The voice sounded like a normal man.

Not angry.

Not aggressive.

Almost friendly.

That friendliness felt unnatural.

Because no normal person should have been inside my house.

I backed into the corner of the living room.

The knife felt useless.

The candle had nearly burned out.

The darkness pressed against every wall.

Then footsteps started moving toward the stairs.

Slow.

Unhurried.

The person wasn’t running.

Wasn’t hiding.

Whoever he was, he knew exactly where he wanted to go.

The steps reached the staircase.

I could hear them descending.

One by one.

The operator kept talking, but I barely heard her.

All my attention focused on those footsteps.

Closer.

Closer.

Closer.

Then they stopped.

Halfway down.

The house became silent again.

The stranger remained motionless.

Listening.

Waiting.

I couldn’t see him.

He couldn’t see me.

At least I hoped he couldn’t.

Several endless seconds passed.

Then another sound came from outside.

Police sirens.

Distant but approaching.

The reaction was immediate.

The footsteps suddenly turned.

Fast.

The stranger ran upstairs.

A door slammed.

Then another.

Then silence.

I heard officers outside moments later.

They entered through the front door.

The house filled with flashlight beams and voices.

For the first time in hours, I felt slightly safer.

They searched every room.

Every closet.

Every corner.

Finally one officer called down from upstairs.

“Found something.”

I climbed the stairs with them.

In the storage room they discovered an opening I had never noticed before.

A small access panel hidden behind shelves.

It led into a narrow crawlspace between walls.

Inside they found food wrappers.

Water bottles.

A flashlight.

Blankets.

Someone had been living there.

Not for hours.

For days.

Maybe weeks.

The realization made me sick.

While I watched television.

While I slept.

While I showered.

A stranger had been hiding inside my home.

The officers searched the surrounding area but never found him.

He escaped before they arrived.

The next morning, power finally returned.

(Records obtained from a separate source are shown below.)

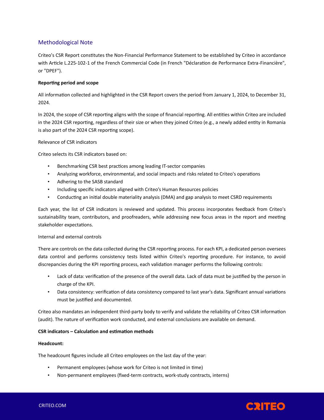CRITEO.COM Methodological Note Criteo's CSR Report constitutes the Non-Financial Performance Statement to be established by Criteo in accordance with Article L.225-102-1 of the French Commercial Code (in French "Déclaration de Performance Extra-Financière", or "DPEF"). Reporting period and scope All information collected and highlighted in the CSR Report covers the period from January 1, 2024, to December 31, 2024. In 2024, the scope of CSR reporting aligns with the scope of financial reporting. All entities within Criteo are included in the 2024 CSR reporting, regardless of their size or when they joined Criteo (e.g., a newly added entity in Romania is also part of the 2024 CSR reporting scope). Relevance of CSR indicators Criteo selects its CSR indicators based on: • Benchmarking CSR best practices among leading IT-sector companies • Analyzing workforce, environmental, and social impacts and risks related to Criteo's operations • Adhering to the SASB standard • Including specific indicators aligned with Criteo’s Human Resources policies • Conducting an initial double materiality analysis (DMA) and gap analysis to meet CSRD requirements Each year, the list of CSR indicators is reviewed and updated. This process incorporates feedback from Criteo's sustainability team, contributors, and proofreaders, while addressing new focus areas in the report and meeting stakeholder expectations. Internal and external controls There are controls on the data collected during the CSR reporting process. For each KPI, a dedicated person oversees data control and performs consistency tests listed within Criteo's reporting procedure. For instance, to avoid discrepancies during the KPI reporting process, each validation manager performs the following controls: • Lack of data: verification of the presence of the overall data. Lack of data must be justified by the person in charge of the KPI. • Data consistency: verification of data consistency compared to last year's data. Significant annual variations must be justified and documented. Criteo also mandates an independent third-party body to verify and validate the reliability of Criteo CSR information (audit). The nature of verification work conducted, and external conclusions are available on demand. CSR indicators – Calculation and estimation methods Headcount: The headcount figures include all Criteo employees on the last day of the year: • Permanent employees (whose work for Criteo is not limited in time) • Non-permanent employees (fixed-term contracts, work-study contracts, interns)
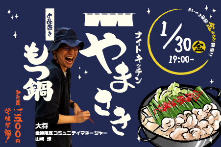 1/30(金)開催 ナイトキッチンやまさき「もつ鍋」
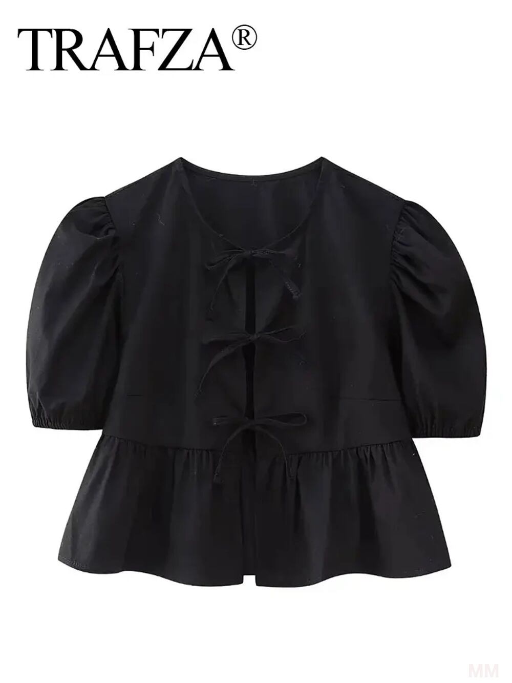 Trafza レディースフローラルプリントボウレースアップブラウス、oネック、半袖シャツ、ヴィンテージ、y2k、女性のシックなトップス、ストリートウェアシャツ、ファッション Tシャツ シャツ T240619142408_04 | coolcoool
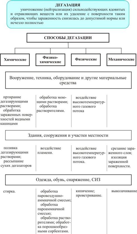 Объектами дезактивации могут быть жилые и производственные здания, участки, территории, оборудование, транспорт и техника, одежда, предметы домашнего обихода, продукты питания. Конечная цель дезактивации - обеспечить безопасность людей, исключить или уменьшить вредное воздействие ионизирующего излучения на организм человека. Дегазация - это уничтожение (нейтрализация) сильнодействующих ядовитых и отравляющих веществ или и удаление с поверхности таким образом, чтобы зараженность снизилась до допустимой нормы или исчезла полностью.
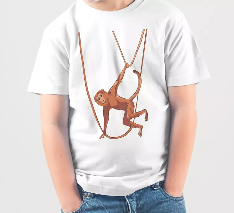 Introducing our delightful Kids t-shirt monkey swinging on a rope, featuring a charming illustration of a playful monkey joyfully swinging through nature. This vibrant design captures the essence of fun, making it perfect for children who love animals and adventure. With its eye-catching graphics, this t-shirt is sure to bring smiles and spark imagination!
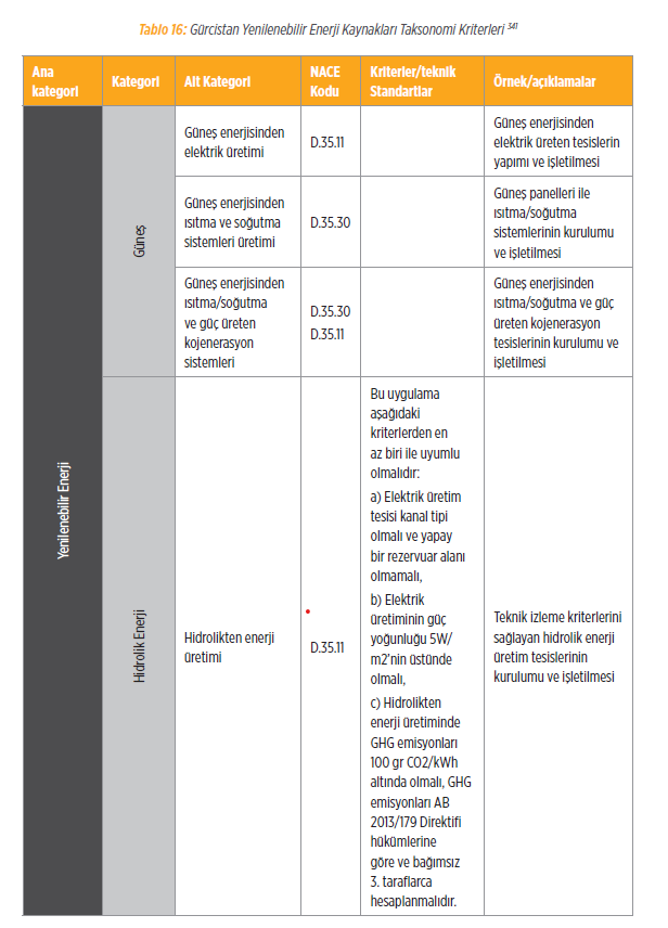 Gürcistan taksonomisi oluşturulurken yeşil ve sosyal taksonomi kapsamında yer alan alt başlıkların hazırlanmasında değişik kuruluş ve ülkelerin taksonomi uygulamaları dikkate alınmıştır.
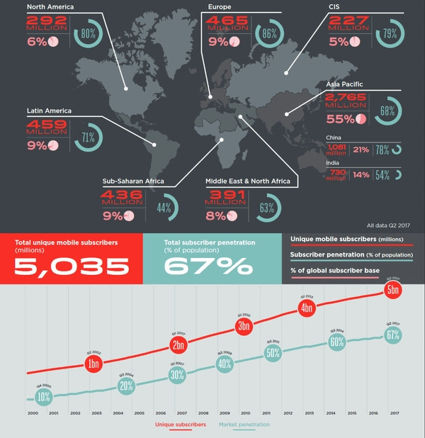 Thật vậy, dữ liệu của GSMA cho thấy rằng, mức thâm nhập điện thoại di động trên toàn cầu hiện nay là khoảng 67%. Nhưng khi đào sâu vào dữ liệu khu vực cụ thể cho thấy cả Bắc Mỹ và Châu Âu là hơn 80%, với vùng châu Phi cận Sahara chỉ còn 44%.
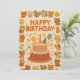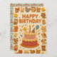 This joyful birthday card design features a colourful two-tier cake topped with a candle, star wand, and party hat, surrounded by adorable paper-cut style animals including foxes, bears, dogs, cats, birds, and more. Confetti, balloons, and cheerful details fill the background, creating a festive and heartwarming scene. Perfect for kids or animal lovers, this playful card adds charm to any birthday celebration.
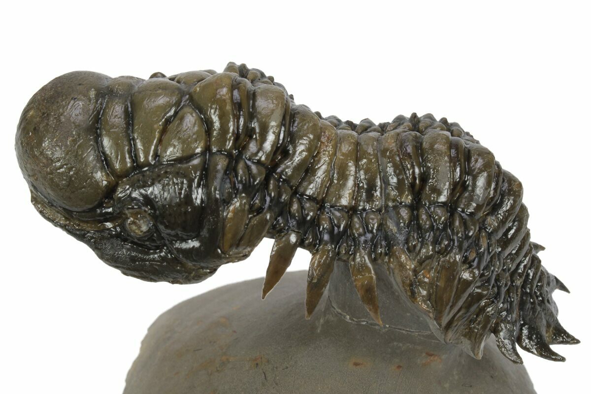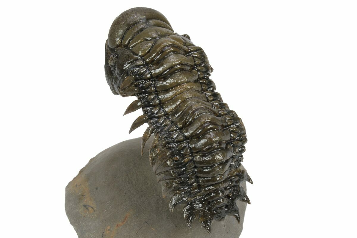 This is an impressive, 3.3" long (if outstretched) specimen of Crotalocephalina gibbus from Atchana, Morocco. Nice preparation and shell detail. It has been prepared in a "flying" pose by removing nearly all of the surrounding limestone. This leaves it floating above the rock on a pedestal. The preparation takes lot of time but the results are quite spectacular.
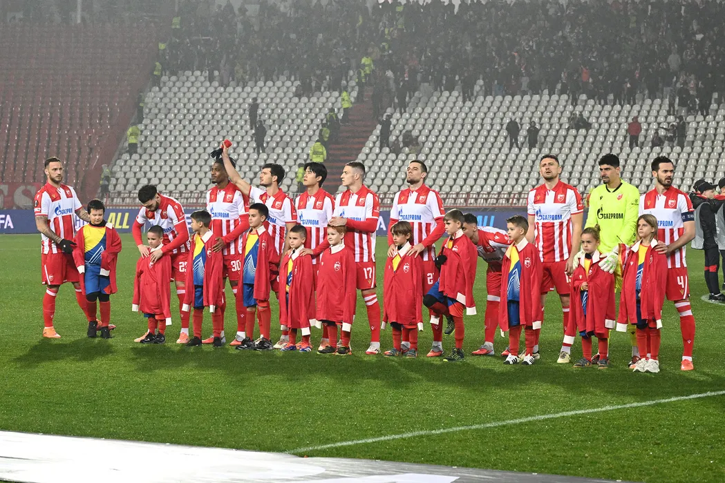 Fotbalistii sarbi la startul meciului de fotbal dintre Steaua Rosie Belgrad si FCSB, din cadrul UEFA Europa League, desfasurat pe Stadionul Rajko Mitić din Belgrad, joi 27 noiembrie 2025. © FOTO:Razvan Pasarica/SPORT PICTURES
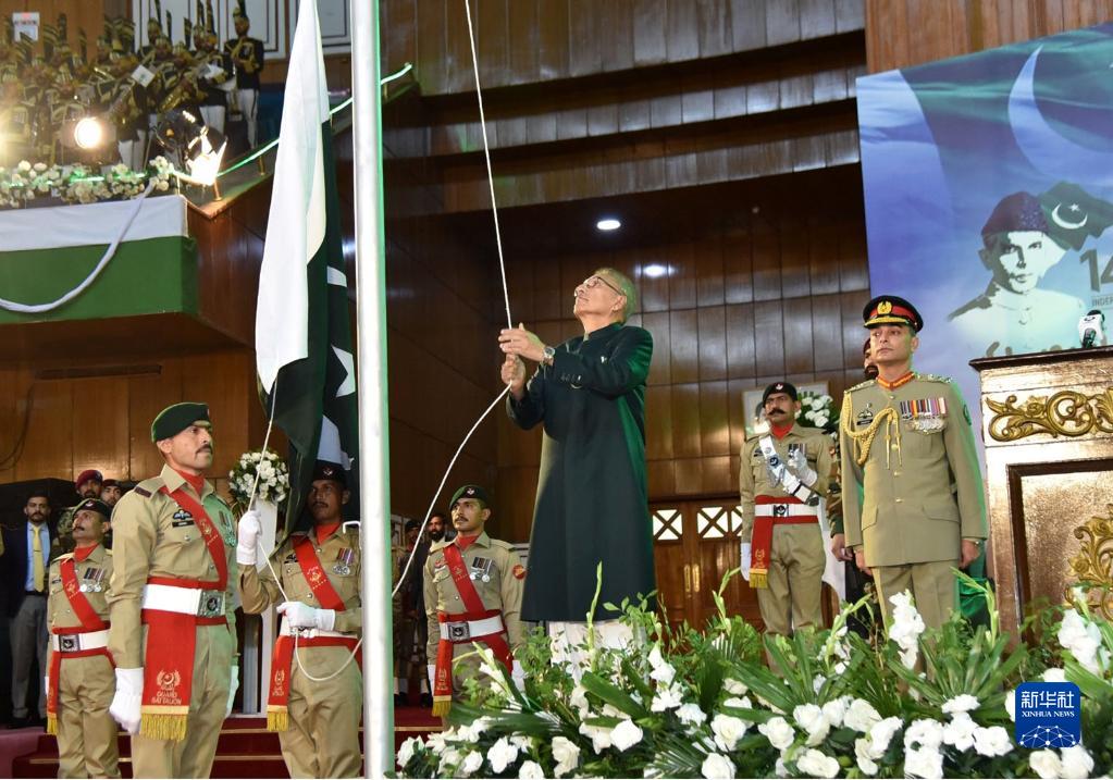 8月14日,在巴基斯坦首都伊斯蘭堡,巴基斯坦總統阿爾維在國家獨立76周年慶祝活動上升國旗。
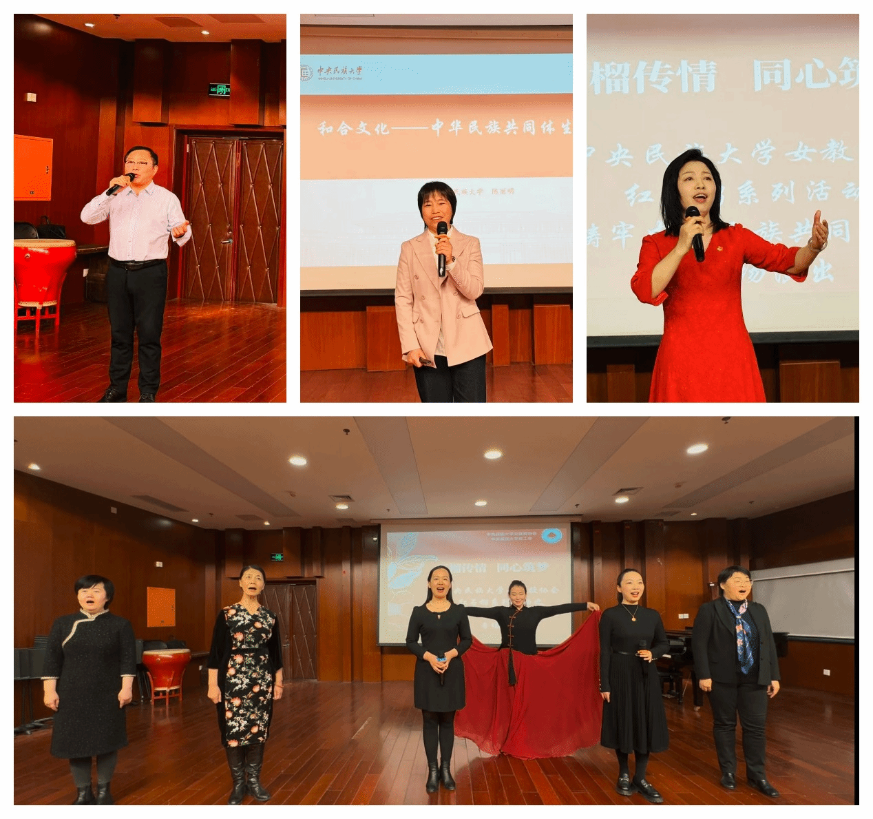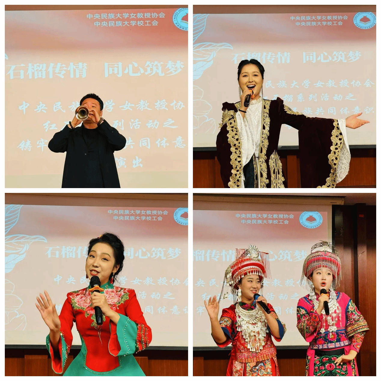 新闻网讯 为深入推进铸牢中华民族共同体意识教育,丰富校园文化生活,12 月 7 日下午,由中央民族大学校工会、女教授协会联合主办,音乐学院协办的 “石榴传情,同心筑梦——红石榴系列活动之铸牢中华民族共同体意识主题专场演出”,在中慧楼第三排练厅温情开演。校工会常务副主席宋玲、女教授协会会长刘明新、巡察办主任张肜肜、招生就业处处长赵丹华、舞蹈学院党委书记王淼、文学院党委书记张英等参加活动。校工会副主席赵丽红主持演出。来自学校各院系师生、校友代表齐聚一堂,在歌声与舞蹈中感受民族文化魅力,凝聚民族团结力量。
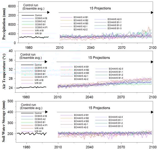 The assessment in this section is based on ensemble averages of the basin-average values of precipitation, air temperature, soil water storage, and river flow for the historical (1970–2000), the early 21st century (2010–2040), the middle 21st century (2040–2070), and the end of 21st century (2070–2100). As a demonstration of the variability of each of the 15 future projections, basin-average annual hydro-climate variables (i.e., precipitation, air temperature, and soil water storage) for each of the 15 projections during 2010–2100 are shown in Figure 5 for Kelantan Watershed.
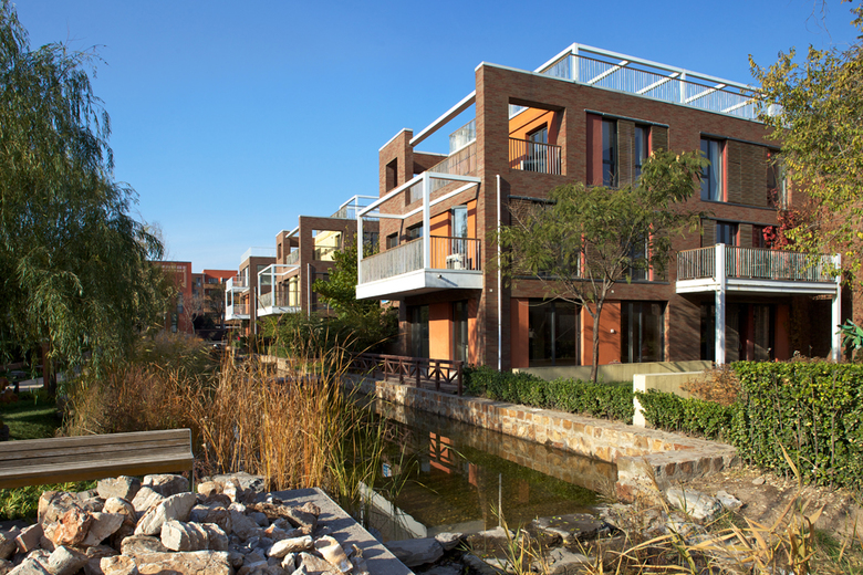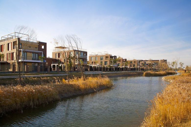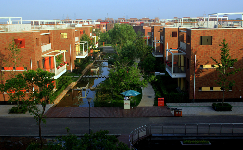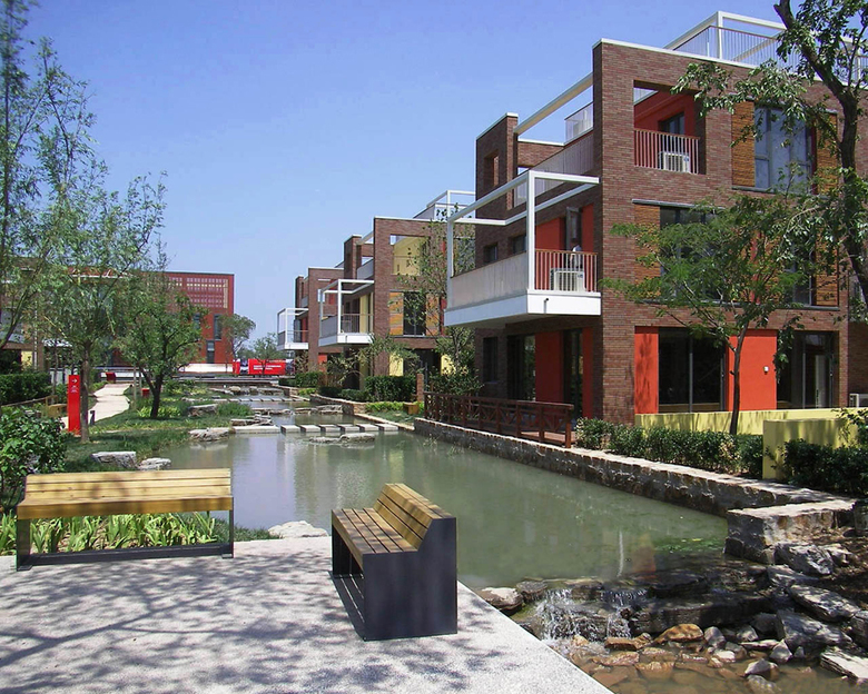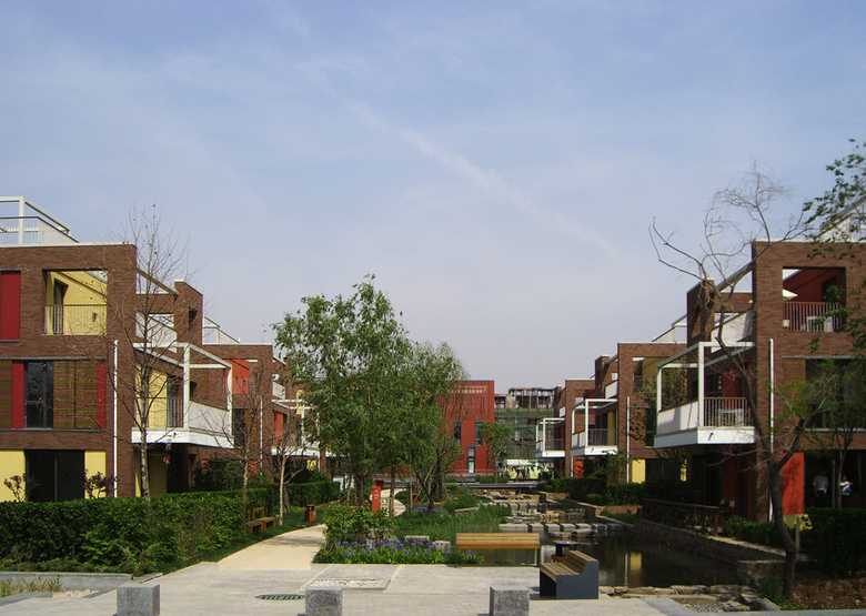 Abweichend von der in China gängigen Praxis der Verdichtung durch eine hohe Geschossigkeit, stützt sich unser Konzept auf eine Gebäudetypologie, welche die chinesiche Tradition des Hofhauses aufgreift. Neben diesen zweigeschossigen Hofhäusern gibt es auch dreigeschossige Reihenhäuser, gestapelte Einfamilienhäuser und Villen, alle mit privatem Außenbereich als Garten oder Dachterrasse. Der Backstein als Fassadenmaterial und eine durchgängige Architektursprache betonen den Zusammenhang innerhalb der Wohnsiedlung, wogegen eine unterschiedliche Farbgebung der Putzflächen die Individualität der einzelnen Quartiere unterstreicht. Der 2- und 3-geschossige Kernbereich wird im Randbereich durch 4- oder 5-geschossige Bebauung, einen 6-zügigen Kindergarten und ein Clubgebäude mit Sport- und Freizeiteinrichtungen ergänzt. Die durchschnittliche GFZ liegt im ersten Bauabschnitt bei 0.8. Die Wohnungsgrößen reichen von 85m² Appartements bis 350m² Villen.

Light filled the house again.

Everything looked normal.

Comfortable.

Safe.

But it wasn’t.

I sold that house six months later.

Even now, years later, I sometimes wake up in the middle of the night and listen carefully to the silence.

Because once you’ve learned that a stranger can live inside your walls without you knowing, every unexplained sound becomes impossible to ignore.

And sometimes, when I think about that night, one detail still bothers me.

The police examined the crawlspace thoroughly.

They found supplies.

They found footprints.

They found evidence that someone had been staying there.

But they never found a way in.

Every door had been locked.

Every window had been secured.

No tunnel.

No hidden entrance.

No explanation.

The officers eventually concluded that the man must have entered before I moved in and somehow continued accessing the space through a route we never discovered.

Maybe they’re right.

Maybe there is a logical explanation.

But every time I remember that calm voice calling from upstairs during the blackout, another possibility enters my mind.

What if the person who entered my house that night wasn’t entering at all?

What if he had already been there the entire time?